At the villa, Hugh’s attention is attracted by disturbing signs of his mother’s newly awakened sexuality, such as a finely embroidered petticoat and an unmatronly scarf. In a series of flashbacks prompted by visual cues, and eventually by questions from his astounded mother, Hugh tells how he and Caddie left school and traveled to the villa. Fanny is impressed by her children’s efforts to reach her, but she and Rob promptly notify their father, Darrell Clavering, a queen’s messenger, of the children’s whereabouts. As the three adults plan how to return the children to their father, none of them grasps the subversive nature of Hugh and Caddie’s mission. Nevertheless, Darrell’s business schedule and Hugh’s case of food poisoning delay the return.

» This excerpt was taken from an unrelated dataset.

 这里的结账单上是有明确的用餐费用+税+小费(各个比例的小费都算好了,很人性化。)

In spite of themselves, Hugh and Caddie warm to Italy and to fair-minded Rob. Caddie relishes the La Scala opera and sumptuous meal to which Rob treats her, and Rob steadies Hugh with masculine advice after the lad has an unsettling sexual encounter. However, when Rob’s ten-year-old daughter, Pia, arrives at the villa from Rome at her father’s request, battle lines form. The three children join forces against Fanny and Rob, using contentiousness and a hunger strike to drive a wedge between them.

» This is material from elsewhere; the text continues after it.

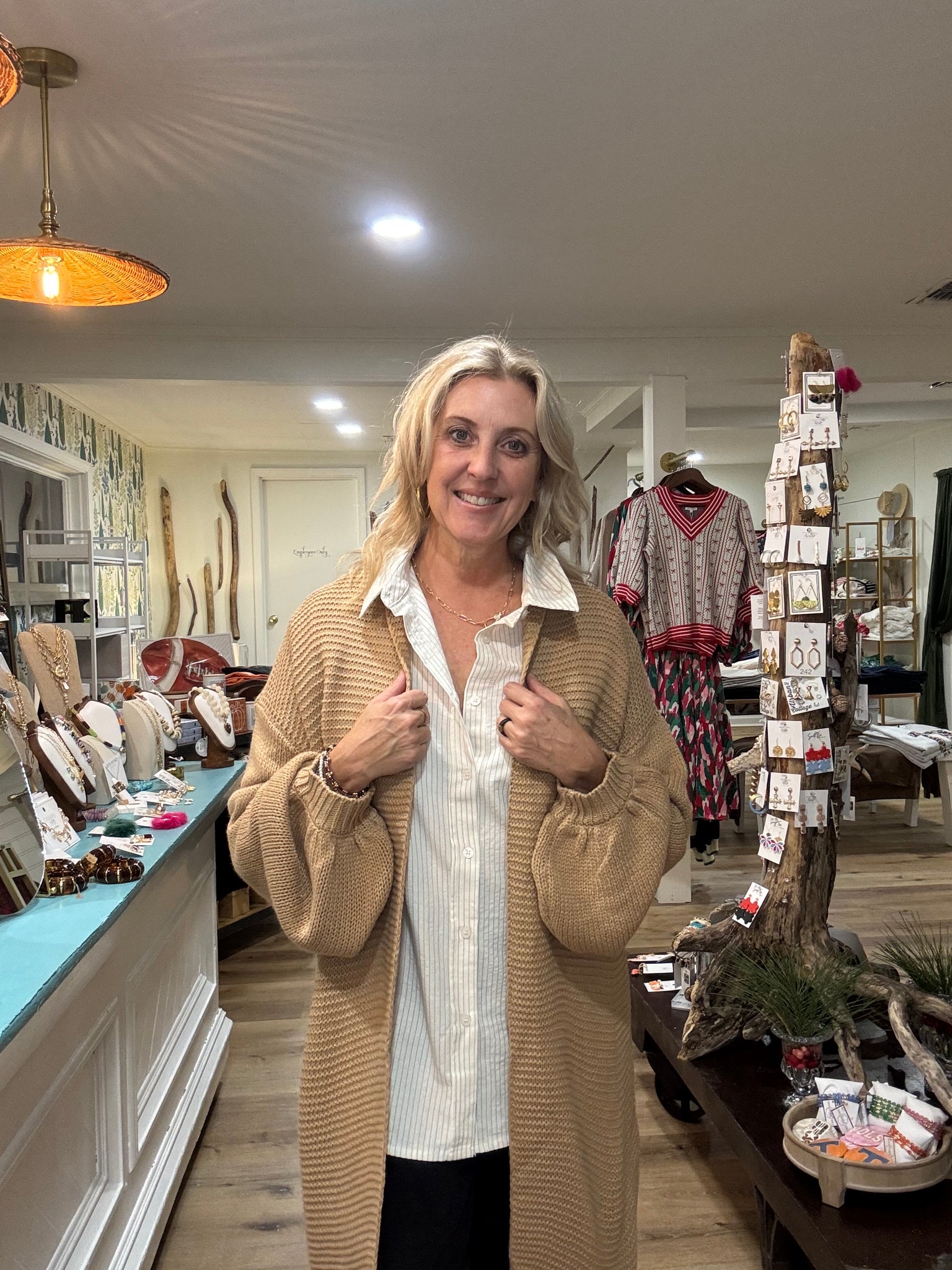 So soft and comfy for layering. I’m in a small. Acrylic.

Fanny and Rob disagree over how to handle the hunger strike. The couple also is taxed by increasingly dangerous and public crises involving the children. Hugh runs away and then returns. Caddie, grasping at Catholic theology touted by convent-educated Pia, begs the village priest to make her mother a Catholic; Catholic mothers do not marry other people’s fathers when their husbands are alive. Caddie’s public tears turn Malcesine villagers against Rob and Fanny. Then, Caddie pummels Pia upon learning that the prim girl and Hugh have betrayed her, secretly eating during the strike and disregarding the purpose of the Italian journey, which had been financed by the sale of Caddie’s beloved pony. Finally, Hugh nearly drowns himself and Pia in a reckless boating accident.

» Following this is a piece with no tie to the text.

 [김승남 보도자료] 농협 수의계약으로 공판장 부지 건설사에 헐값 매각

Remembering the moral warnings of her deceased Aunt Isabel, Fanny convinces herself that Hugh’s brush with death is her own terrible punishment for doing wrong; that is, for attempting to build a separate, loving new life with Rob. Her well-worn bedside book, the Imitation of Christ, suggests that Fanny may have swept aside her long-standing religious convictions for love. In the end, Rob and Fanny give up the battle, parting ways by mutual, but brokenhearted, agreement. The novel closes with Fanny and her children exiting the villa gates, headed for the Milan airport and an uncertain future.

Bibliography

Chisholm, Anne. Rumer Godden: A Storyteller’s Life. New York: Greenwillow Books, 1999.

Head, Dominic, ed. The Cambridge Guide to Literature in English. 3d ed. Cambridge, England: Cambridge University Press, 2006.

Lassner, Phyllis. Colonial Strangers: Women Writing at the End of the British Empire. Piscataway, N.J.: Rutgers University Press, 2004.

Rosenthal, Lynne M. Rumer Godden Revisited. New York: Twayne, 1996.

Sage, Lorna. The Cambridge Guide to Women’s Writing in English. Cambridge, England: Cambridge University Press, 1999.